Overall, increases in COVID-19 cases have acted as negative demand shocks in the global economic activity and negative supply shocks in the global transportation of commodities. This result is consistent with studies such as by Baldwin and Tomiura (2020) who have predicted that COVID-19 is both a supply and a demand shock.
4. Conclusion
This paper has investigated the effects of the coronavirus disease 2019 (COVID-19) on the global economic activity by considering its implications on the Baltic Exchange Dry Index (BDI) and crude oil prices (COP). This investigation has been achieved by using daily data between January 28th, 2020 and November 15th, 2021, where a structural vector autoregression model has been used. The empirical results based on cumulative impulse responses are consistent with increases in COVID-19 cases acting as negative demand shocks in the global economic activity (reflected as reductions in COP) and negative supply shocks in the global transportation of commodities (reflected as increases in BDI). The historical decomposition results further suggest that the effects of COVID-19 cases on BDI and COP have mostly been observed in the early COVID-19 period.

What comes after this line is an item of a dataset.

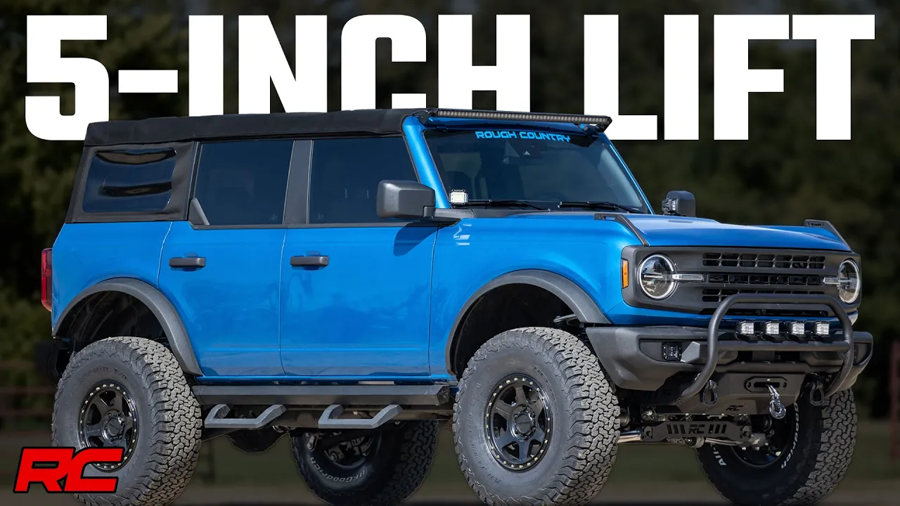 Conquer the Trail with Confidence: Unleash your Bronco's true potential with Rough Country's 5-inch Suspension Lift Kit, designed to deliver improved ground clearance and a bold, aggressive stance that commands attention on and off-road. This all-in-one upgrade levels the front with the rear for a clean, balanced profile while creating room for 35" tires, giving you the clearance and capability to tackle rugged terrain with ease.

The empirical results have also shown that there is evidence for complete pass-through of COP into BDI, and unexpected BDI increases capture supply shocks in the global transportation of commodities. The Joint Open Letter to United Nations agencies from the global maritime transport industry on March 19th, 2020 supports this result, where the global maritime transport industry requests certain exemptions for international seafarers as the national regulations disrupt the supply of transportation. Hence, supply chain disruptions (through transportation supply disruptions) due to COVID-19 have been responsible for the reduction in the global economic activity, which is consistent with earlier studies (as discussed above) having transportation/shipment as an essential part in the flow of materials and finished products.
Footnotes
The author would like to thank the editors Edwin van Hassel and Thierry Vanelslander as well as two anonymous referees for their helpful comments and suggestions. The usual disclaimer applies.
The web page is https://fred.stlouisfed.org/.
The web page is https://tradingeconomics.com/commodity/baltic.
The web page is https://ourworldindata.org/coronavirus. Daily COVID-19 cases in the rest of the world are obtained as the sum of daily cases in countries other than China.
Although data on the global COVID-19 cases are available for each day in the sample, data on COP and BDI are not available on holidays and weekends. These missing observations have been linearly interpolated.
The other alternative ordering was also considered, for which the results were highly similar. Such results are available upon request.